The state may "look back" up to 60 months before application for Medicaid long-term care services to determine when income was reduced and resources were transferred.

If a person had a qualified Partnership Long-Term Care Insurance policy, the total amount of benefits paid by the policy would be sheltered from asset recovery. 

Learn more - Your Guide to the Medicaid Estate Recovery Program | Texas Health and Human Services

Rate Stability Rules

In addition, Texas consumers enjoy additional peace-of-mind as the state has adopted Long-Term Care Insurance Rate Stability Rules.  These rules, developed the National Association of Insurance Commissioners, makes it much harder for an insurance company to get an approved rate increase.

Products Approved in Texas

A variety of products are approved in Texas for Long-Term Care planning. These include traditional plans in addition to partnership certified policies, limited-duration policies, and asset-based “hybrid” policies.

Tax Incentives

Texas does not offer any state tax incentive for qualified long-term care insurance as there is no state income tax. However, federal tax incentives are available.

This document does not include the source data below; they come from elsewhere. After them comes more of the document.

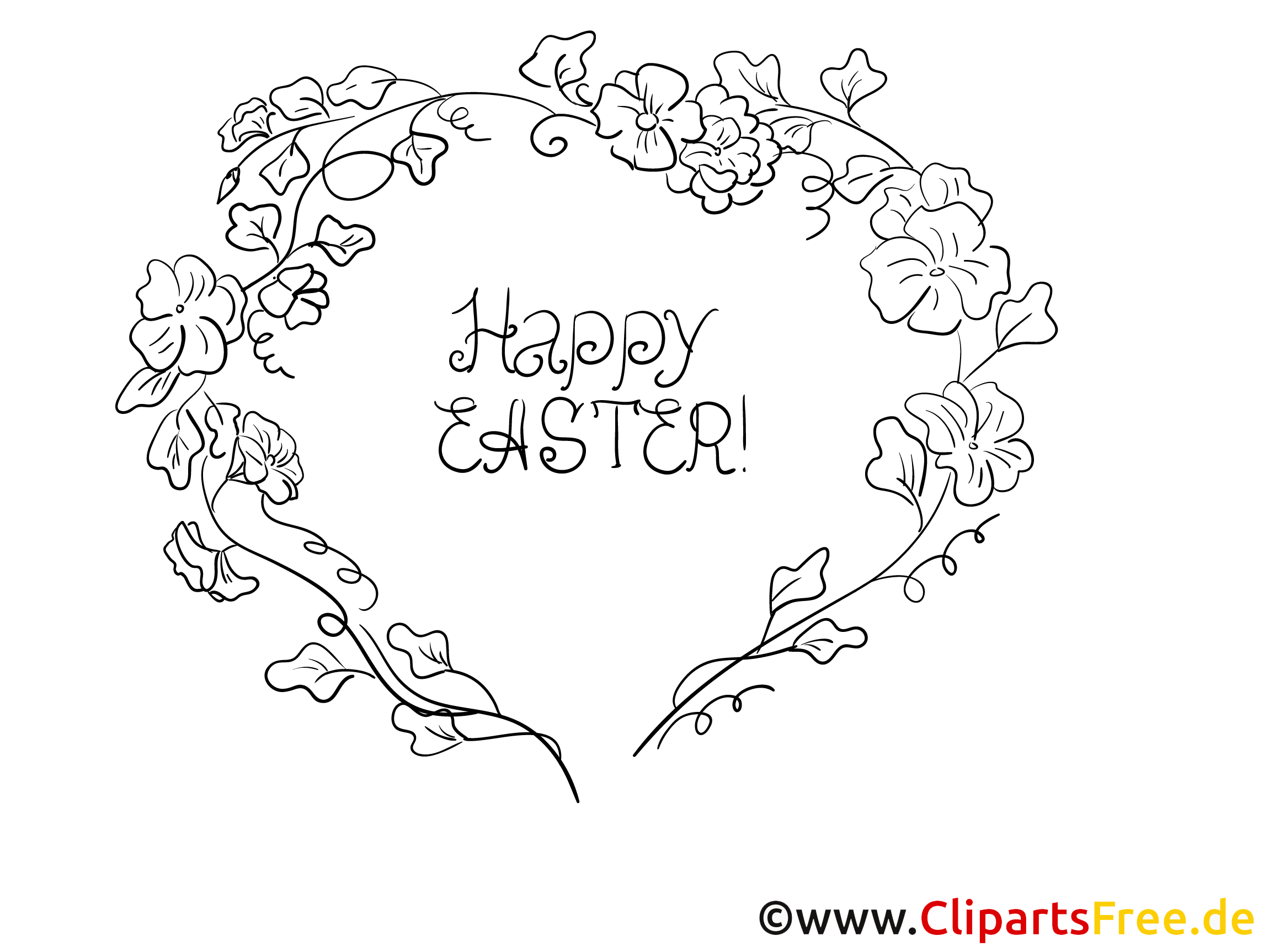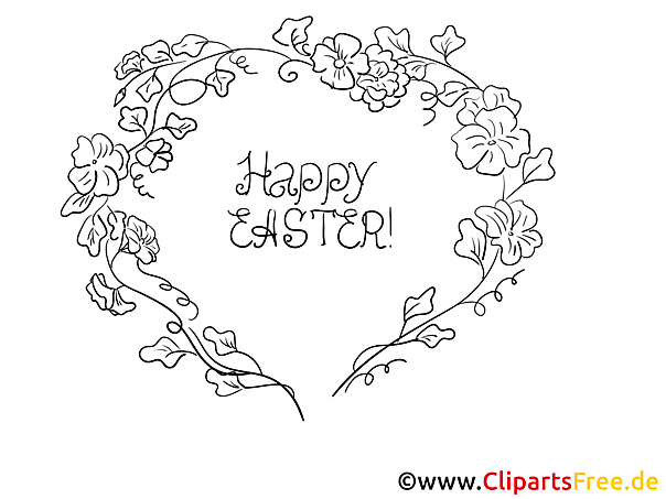 Das Motiv zeigt ein schönes Herz, das umrahmt ist von zauberhaften, blühenden Pflanzen. Diese Blumenvignette strahlt eine freundliche und fröhliche Atmosphäre aus, die perfekt ist, um Freude zu verbreiten – besonders zu Ostern! In der Mitte des Herzens steht der fröhliche Schriftzug „Happy EASTER!“. Wer könnte da nicht lächeln? Übrigens, die Details der Blumen laden förmlich ein, sie kunterbunt auszumalen und kreativ zu werden.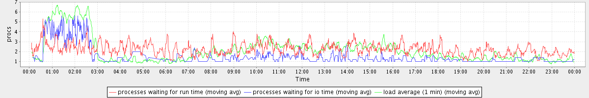 avg(processes waiting for run time) = 1.44 avg(processes waiting for io time) = 0.72 avg(load average (1 min)) = 2.11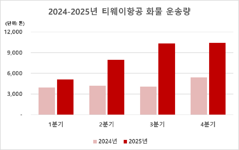 [파이낸셜뉴스] 티웨이항공은 2025년 화물 운송 실적으로 연 3만4000t을 달성하며 역대 최대 화물 실적을 기록했다고 19일 밝혔다. 2024년 약 1만8000t 대비 92% 증가했다. △중·장거리 노선의 안정적인 확장 △효율적인 화물 전용 운송 전략 △탄력적 공급 조절 등 이 맞물린 결과로 분석된다.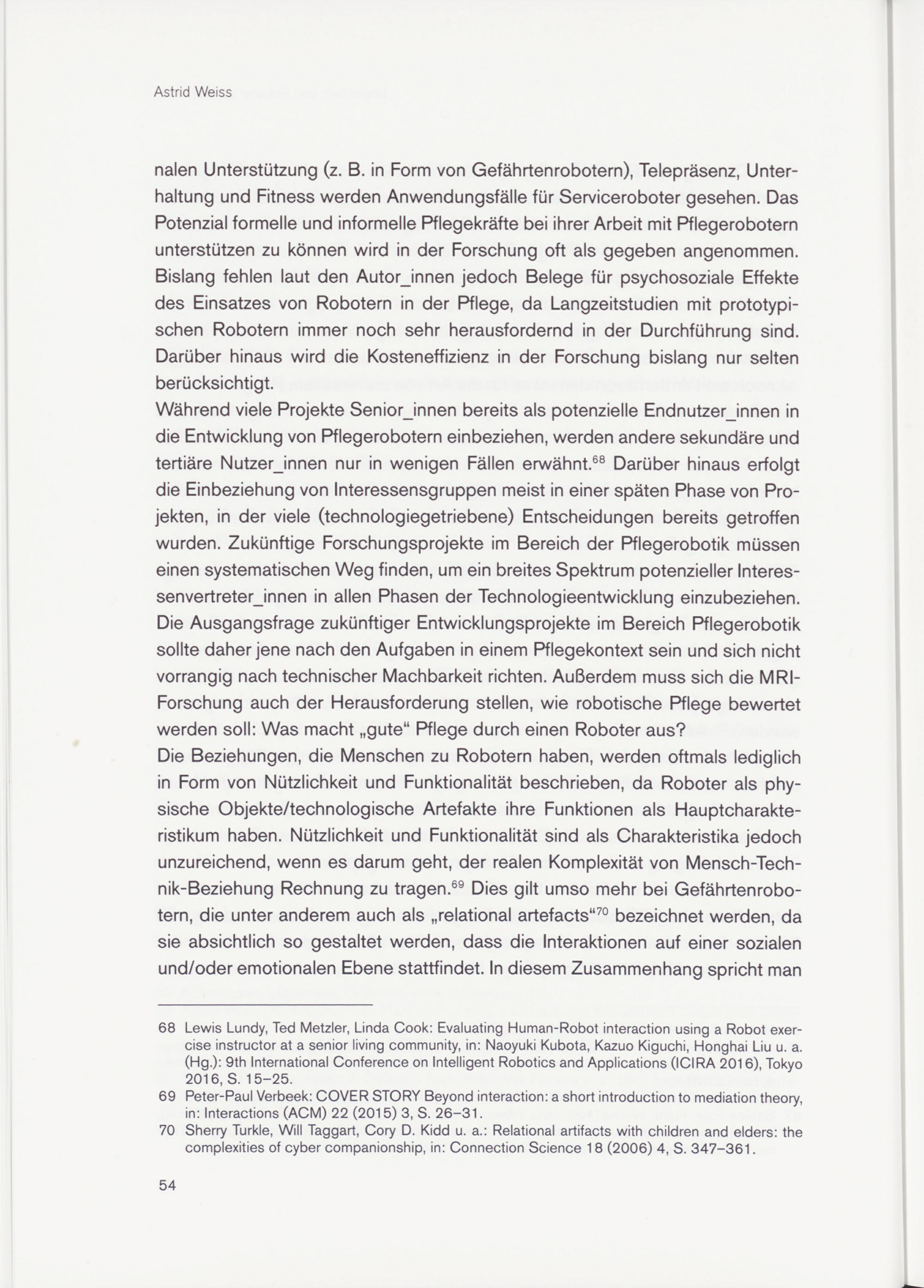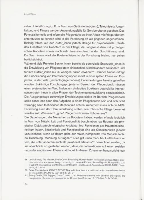 70 Sherry Turkle, Will Taggart, Cory D. Kidd u. a.: Relational artifacts with children and elders: the complexities of cyber companionship, in: Connection Science 18 (2006) 4, S. 347-361.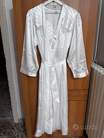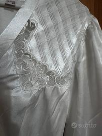 Vendo set da donna composto da una camicia da notte smanicata e dalla vestaglia coordinata con cintura, taglia 50 e mai usato, faceva parte di un corredo matrimoniale.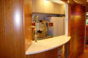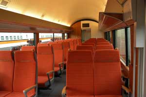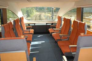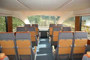 3・8号車には生ビールやカプチーノ等々が味わえるビュッフェスタイルのカフェの他、喫煙ブース、便所・洗面所等のサービス機能が集中的に配置され、天窓やフローリングの床など、一般車とは違った印象の空間となっています。なお3号車には4人グループ向けのサルーン席、8号車には身障者にも対応可能な席があり、車椅子による乗降に利用できる電動スロープ装置が出入口に装備されています。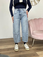 Jeans modello Barrell, morbido alla coscia e alla caviglia, elasticizzato, comodissimo, vestibilità regolare a vita alta.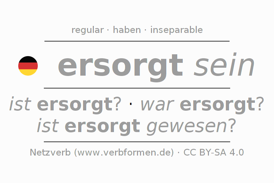 El verbo ersorgen, conjugado completamente en todas las personas y números gramaticales en Infinitivo Presente Pasado perfecto.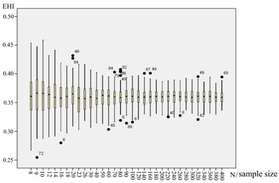 The box-plots of the ecosystem health index (EHI) based on Monte Carlo simulation. (1) Each box-plot represents the dispersion of 100 EHI values obtained in 100 times simulation of a specific sample size (N); (2) the black dots represent the outliers; the number next to the black dots represents the ordinals of 100 times simulation.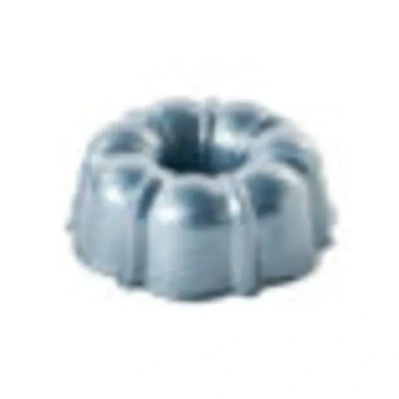 A flashy version of our very popular 12 cup formed Bundt pan. this 6 Cup Formed Bundt makes a perfect size for smaller portions or a sweet gift from your kitchen. Aluminum bakes best because it conducts heat more evenly than other materials for a perfect finish. The 6 cup Pan comes in twobeautiful exterior colors. Twilight Blue and Golden Hour. paired with a premium nonstick silver interior for easy release and cleaning.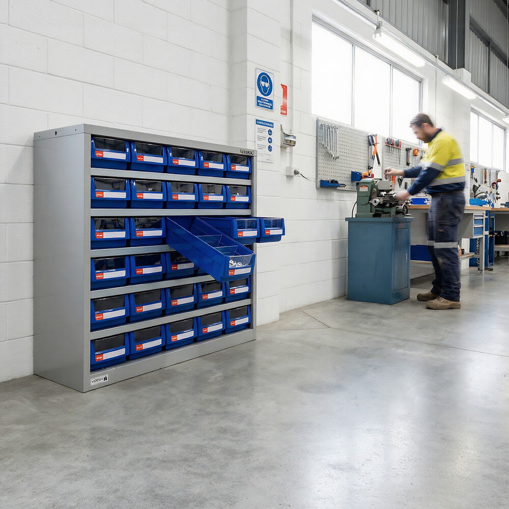 Overall, the Heavy Duty Parts Cabinet with 30 Part Trays offers a practical and efficient solution for storing parts, providing durability, organization, and convenience in industrial and workshop environments. View the range of Tooling Cabinet MHA have for sale, here.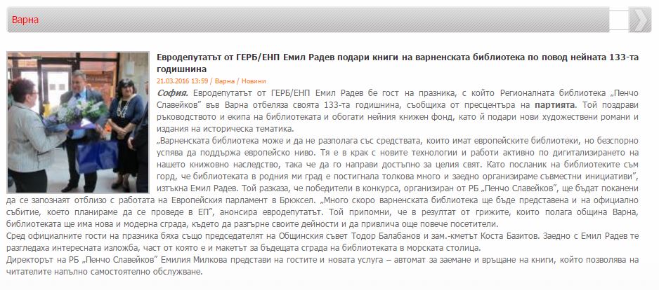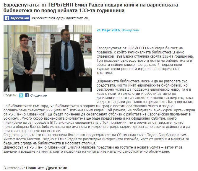 Евродепутатът от ГЕРБ/ЕНП Емил Радев подари книги на варненската библиотека по повод нейната 133-та годишнина. // vlastta.com, 21 март 2016. http://www.vlastta.com/displaynews/103018 |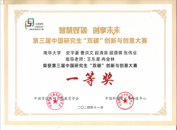 第三届中国研究生“双碳”大赛 全国“双碳”大赛一等奖证书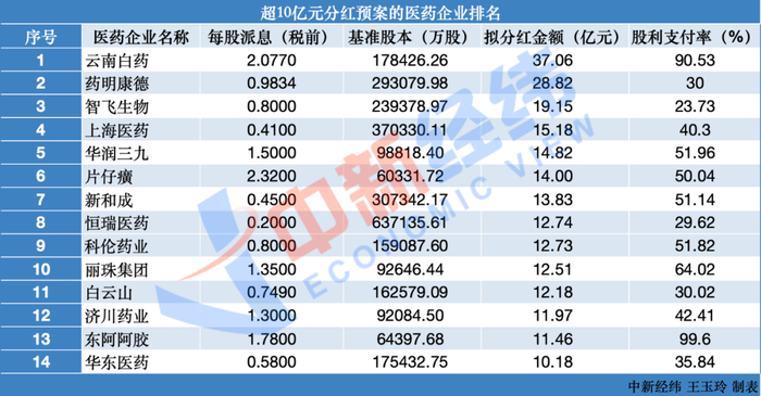 14家医药企业拟分红金额均超10亿元

Reverse Mortgages in Texas

Texas residents can use reverse mortgages for various reasons, including to produce tax-free income in retirement, reduce expenses, fund Long-Term Care Insurance, or even provide long-term health care when other options are unavailable. 

You can receive a lump sum or monthly payments, which adds a lot of flexibility depending on your needs. 

There are rules in Texas that apply. An eligible borrower for a reverse mortgage must be aged 62 or older. The home must be your principal residence. In addition, you should have substantial equity and have no other liens against the home. 

As a borrower, you remain responsible for your property taxes, homeowners insurance, and home upkeep. If you fail to do so, it could result in foreclosure.

Learn more about reverse mortgages by clicking here.

*The federal government sets a new minimum and maximum amounts each year, but states can set their own minimum requirements at any level between the federal limits. This information is based on the best available sources.